In the entries below, find the line containing "Die geräumige Wohnfläche" and the line containing "D3 流程:Discover →". Copy those two lines and everything between them exactly, without the pictures.

## Data to examine
◇ ◇ ◇ ◇ ◇
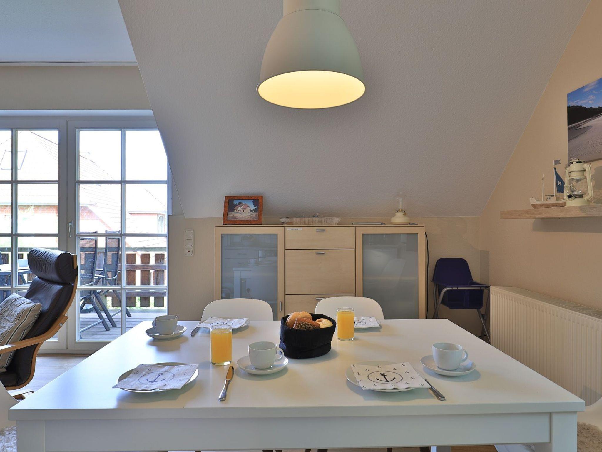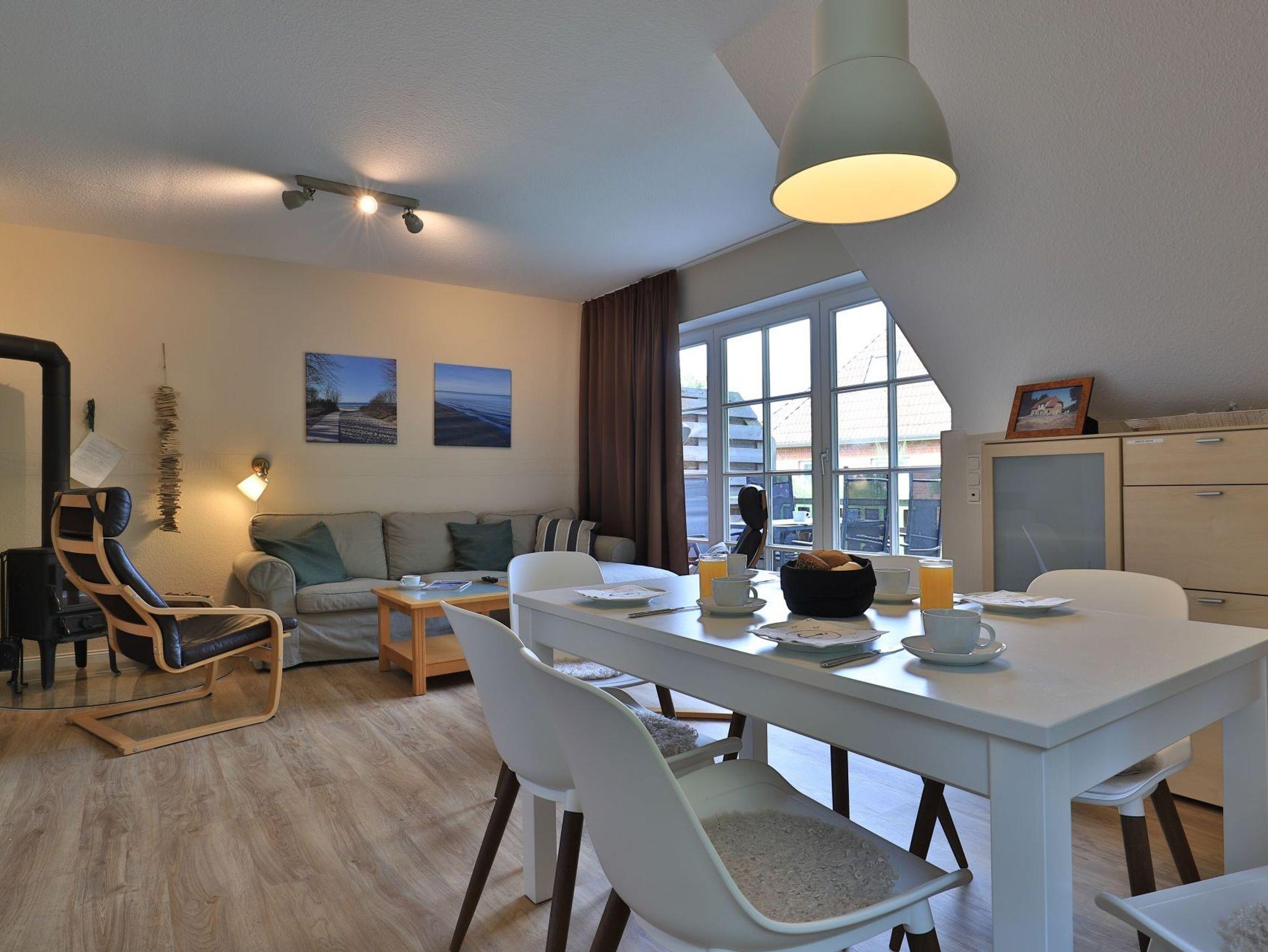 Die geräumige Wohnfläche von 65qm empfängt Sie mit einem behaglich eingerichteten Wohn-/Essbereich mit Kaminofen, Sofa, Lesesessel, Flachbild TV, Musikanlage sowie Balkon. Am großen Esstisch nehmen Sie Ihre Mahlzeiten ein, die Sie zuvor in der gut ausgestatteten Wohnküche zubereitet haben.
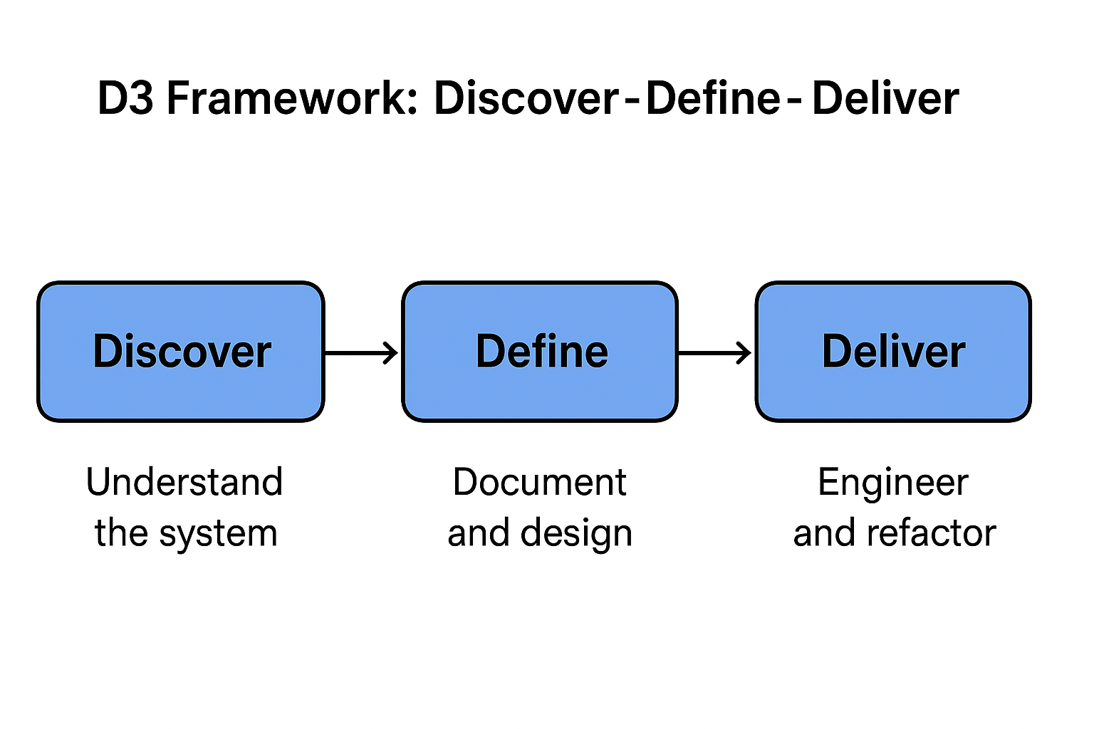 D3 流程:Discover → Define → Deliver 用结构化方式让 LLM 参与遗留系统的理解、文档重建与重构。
◇ ◇ ◇ ◇ ◇
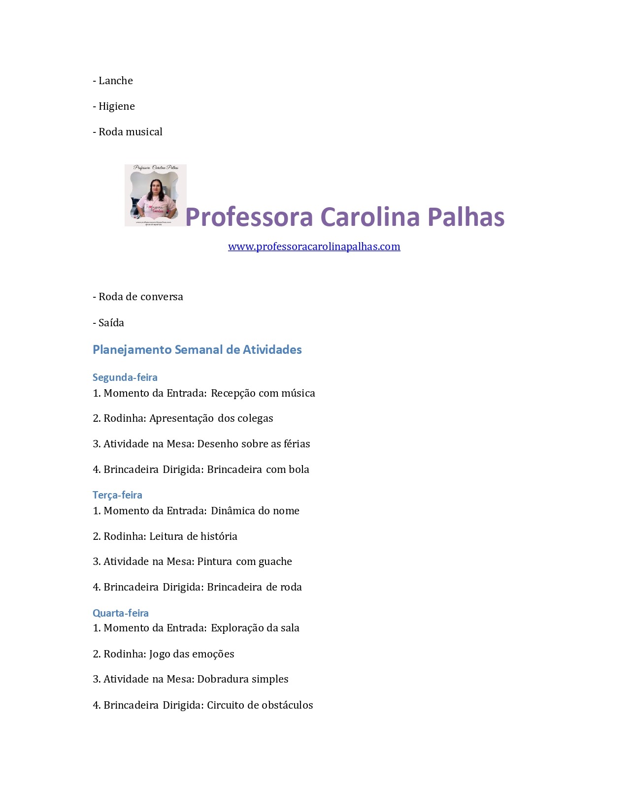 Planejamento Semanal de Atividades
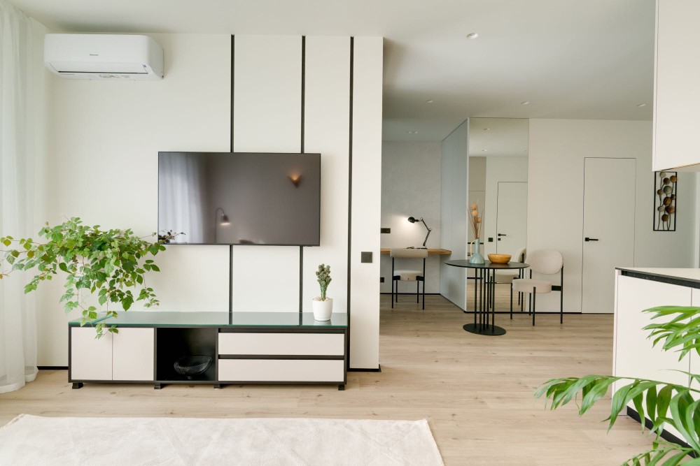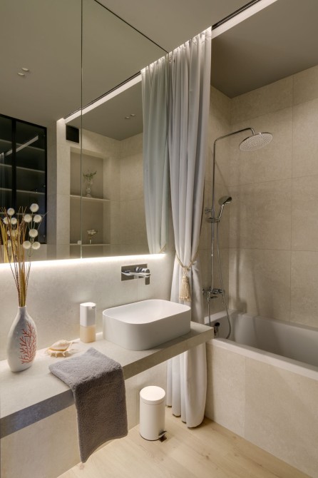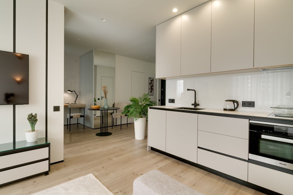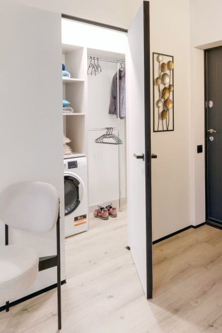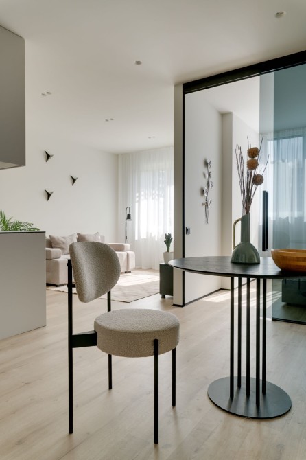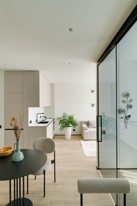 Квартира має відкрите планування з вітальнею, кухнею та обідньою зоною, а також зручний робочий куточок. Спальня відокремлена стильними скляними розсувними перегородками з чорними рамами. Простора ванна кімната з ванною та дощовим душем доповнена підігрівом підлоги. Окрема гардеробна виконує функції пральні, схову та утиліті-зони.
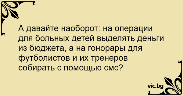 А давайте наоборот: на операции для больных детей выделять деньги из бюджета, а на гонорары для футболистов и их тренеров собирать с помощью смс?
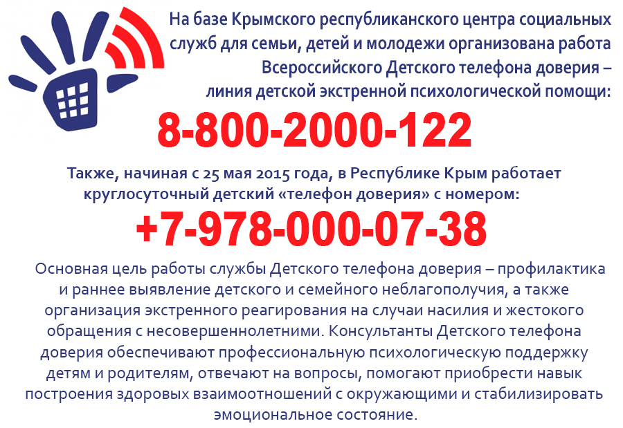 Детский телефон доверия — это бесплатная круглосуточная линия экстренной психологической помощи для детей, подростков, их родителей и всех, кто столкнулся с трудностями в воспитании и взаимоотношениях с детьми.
◇ ◇ ◇ ◇ ◇
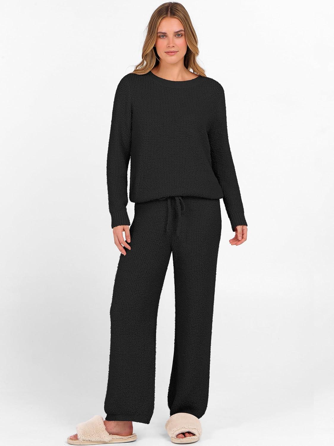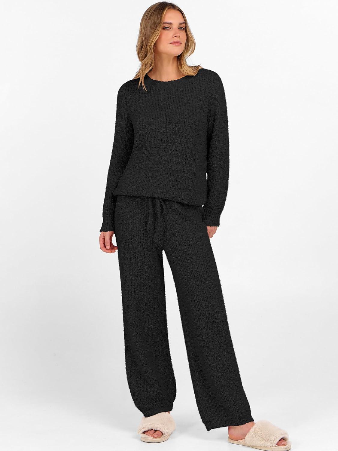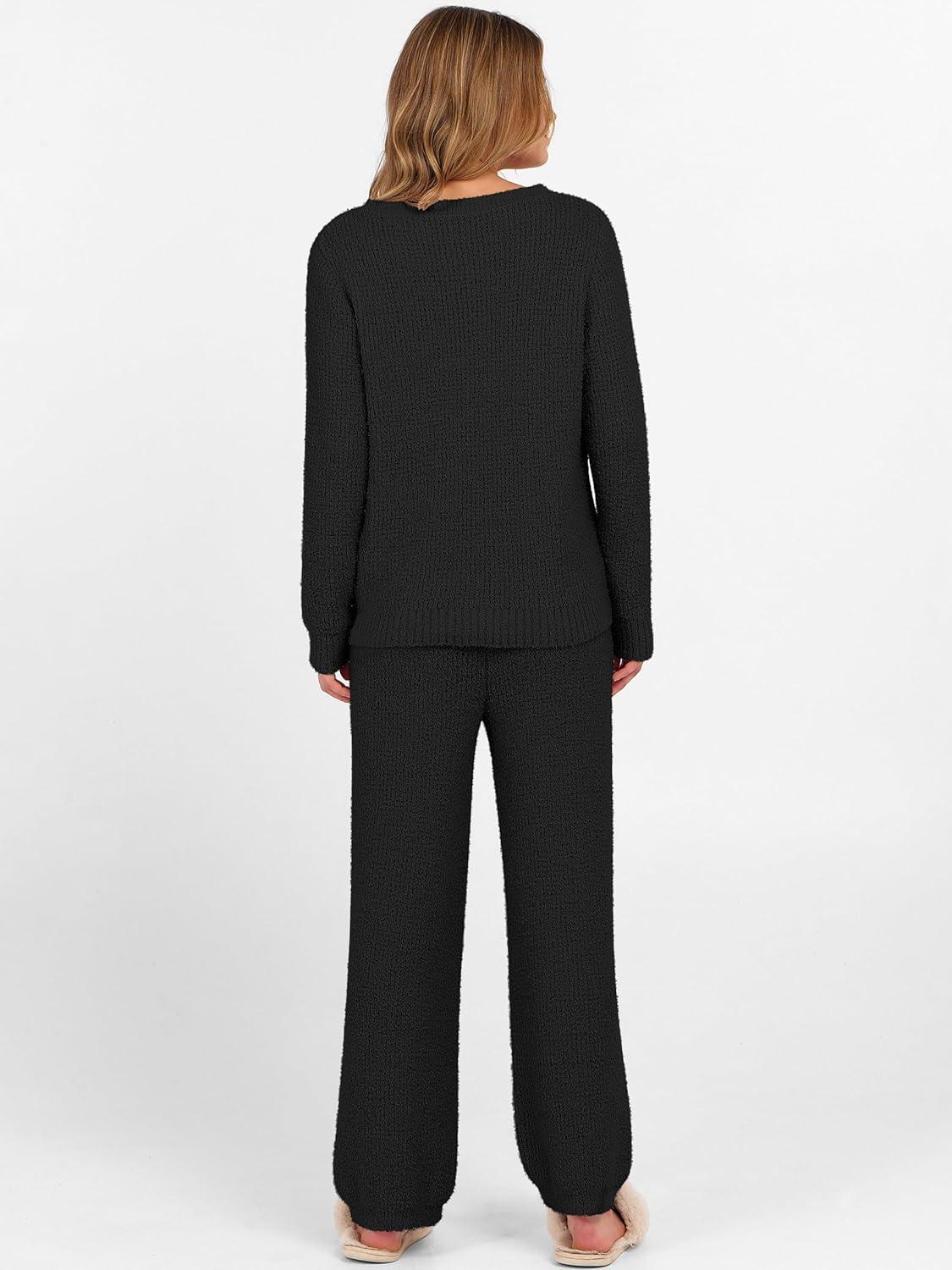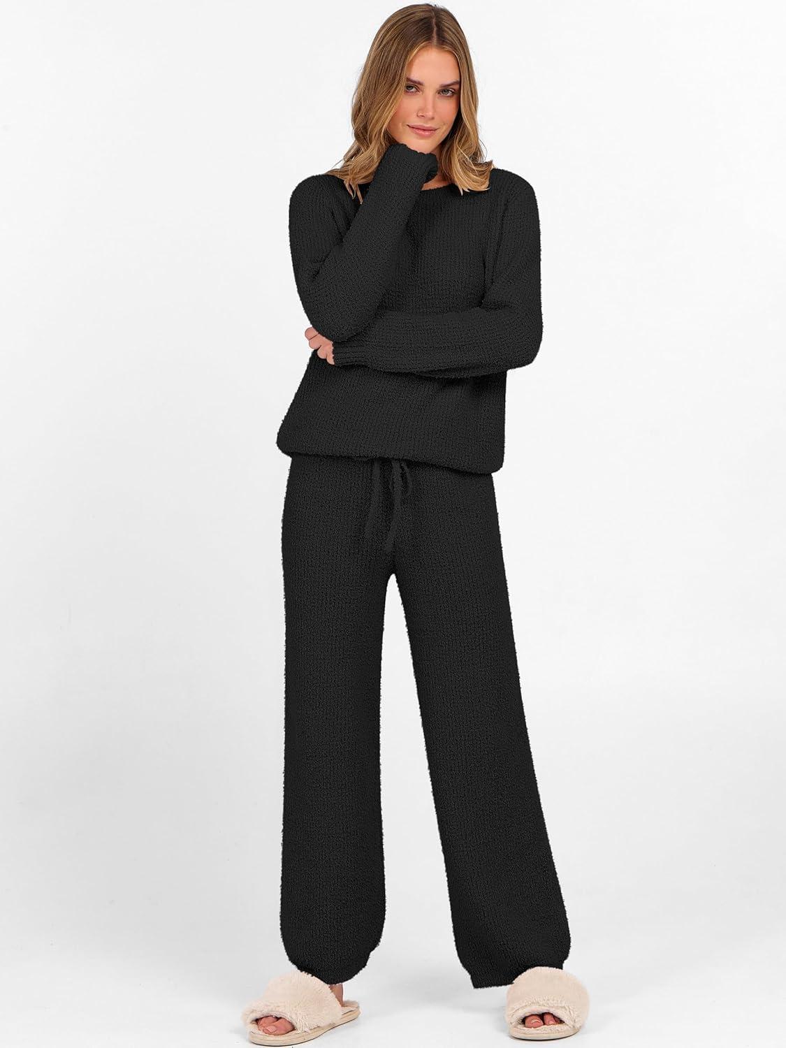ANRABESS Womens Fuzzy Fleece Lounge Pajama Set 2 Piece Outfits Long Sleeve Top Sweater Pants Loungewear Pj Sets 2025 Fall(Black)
◇ ◇ ◇ ◇ ◇
## Expected answer
 Die geräumige Wohnfläche von 65qm empfängt Sie mit einem behaglich eingerichteten Wohn-/Essbereich mit Kaminofen, Sofa, Lesesessel, Flachbild TV, Musikanlage sowie Balkon. Am großen Esstisch nehmen Sie Ihre Mahlzeiten ein, die Sie zuvor in der gut ausgestatteten Wohnküche zubereitet haben.
 D3 流程:Discover → Define → Deliver 用结构化方式让 LLM 参与遗留系统的理解、文档重建与重构。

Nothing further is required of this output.